__Data shown__
..............................

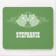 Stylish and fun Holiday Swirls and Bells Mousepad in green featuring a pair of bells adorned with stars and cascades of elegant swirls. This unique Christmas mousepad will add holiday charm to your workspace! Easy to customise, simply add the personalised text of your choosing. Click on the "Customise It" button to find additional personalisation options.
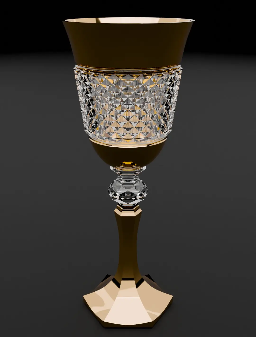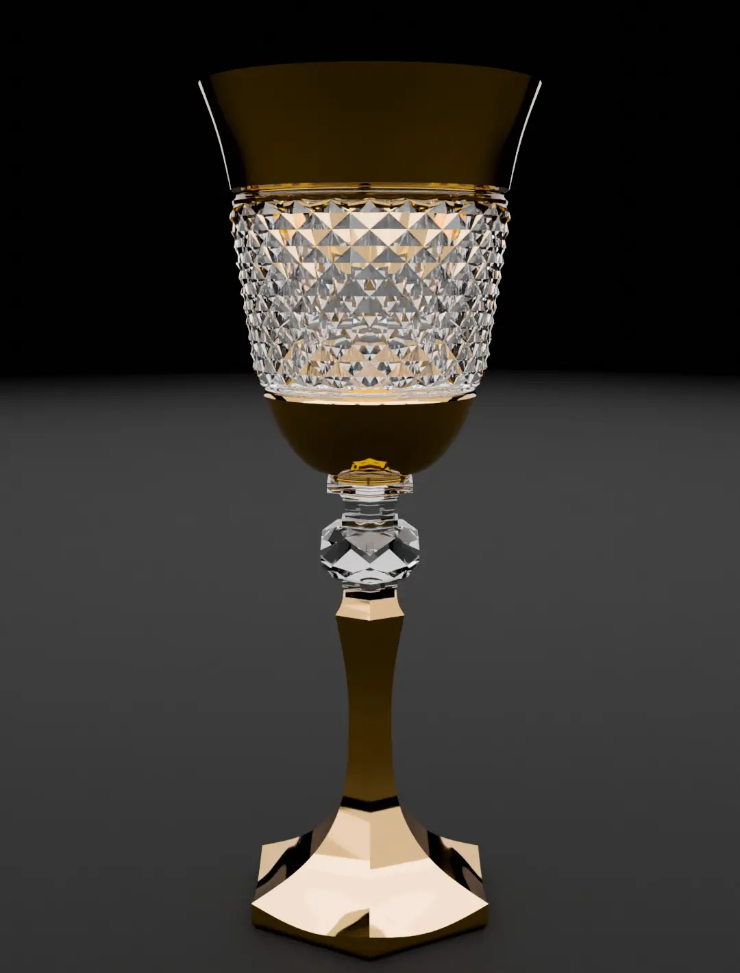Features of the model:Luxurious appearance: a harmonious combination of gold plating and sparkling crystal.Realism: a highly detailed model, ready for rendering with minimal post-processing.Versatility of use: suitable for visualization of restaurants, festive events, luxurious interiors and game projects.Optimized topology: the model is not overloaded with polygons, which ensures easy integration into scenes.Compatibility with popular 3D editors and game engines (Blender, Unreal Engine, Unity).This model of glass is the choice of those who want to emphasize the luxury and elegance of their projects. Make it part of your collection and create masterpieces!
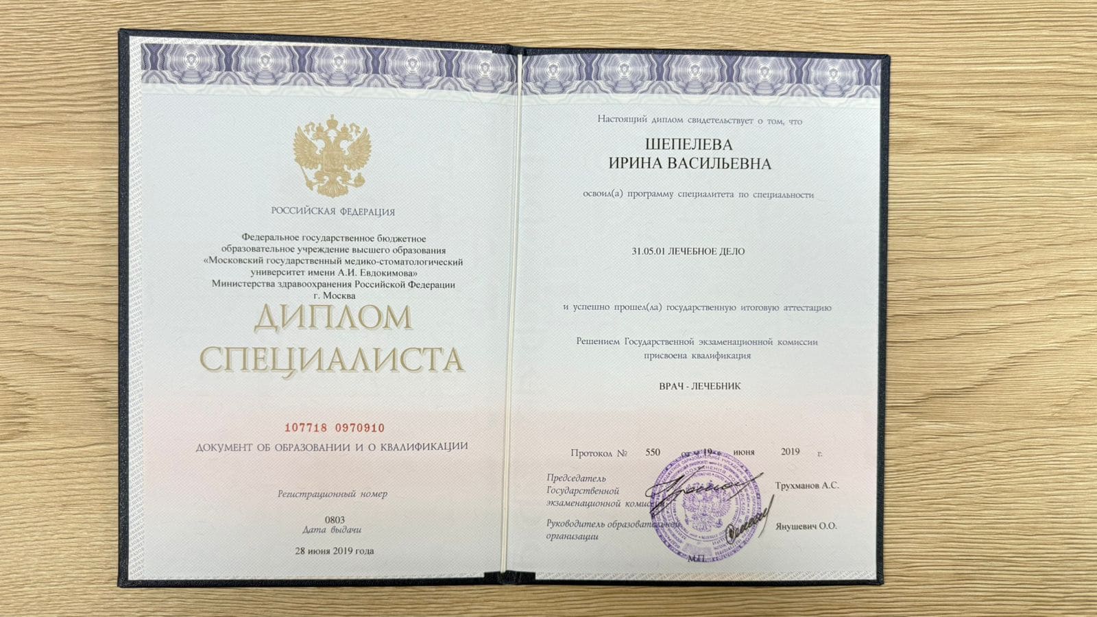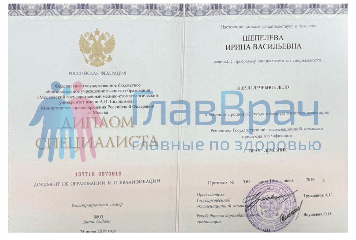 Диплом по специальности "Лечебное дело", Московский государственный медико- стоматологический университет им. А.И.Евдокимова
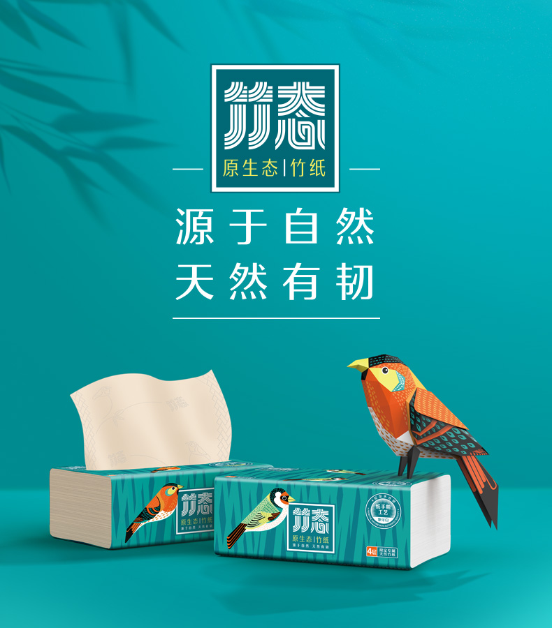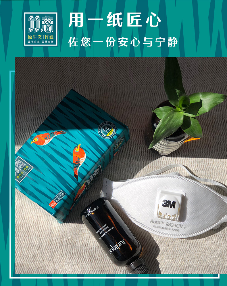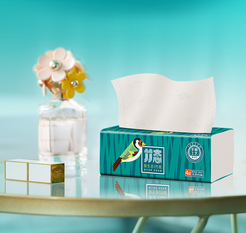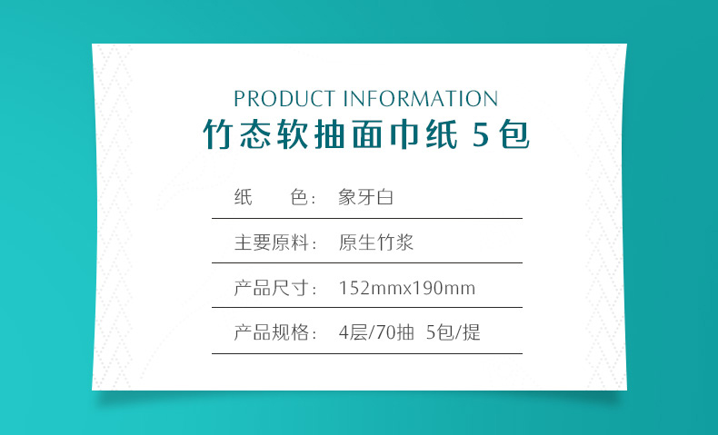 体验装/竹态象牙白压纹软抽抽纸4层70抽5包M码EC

..............................

__What needs to be done__
With the pictures left out, output exactly the lines that begin at the line containing "Диплом по специальности" and end at the last line of the material.

__Exercise answer__
 Диплом по специальности "Лечебное дело", Московский государственный медико- стоматологический университет им. А.И.Евдокимова
 体验装/竹态象牙白压纹软抽抽纸4层70抽5包M码EC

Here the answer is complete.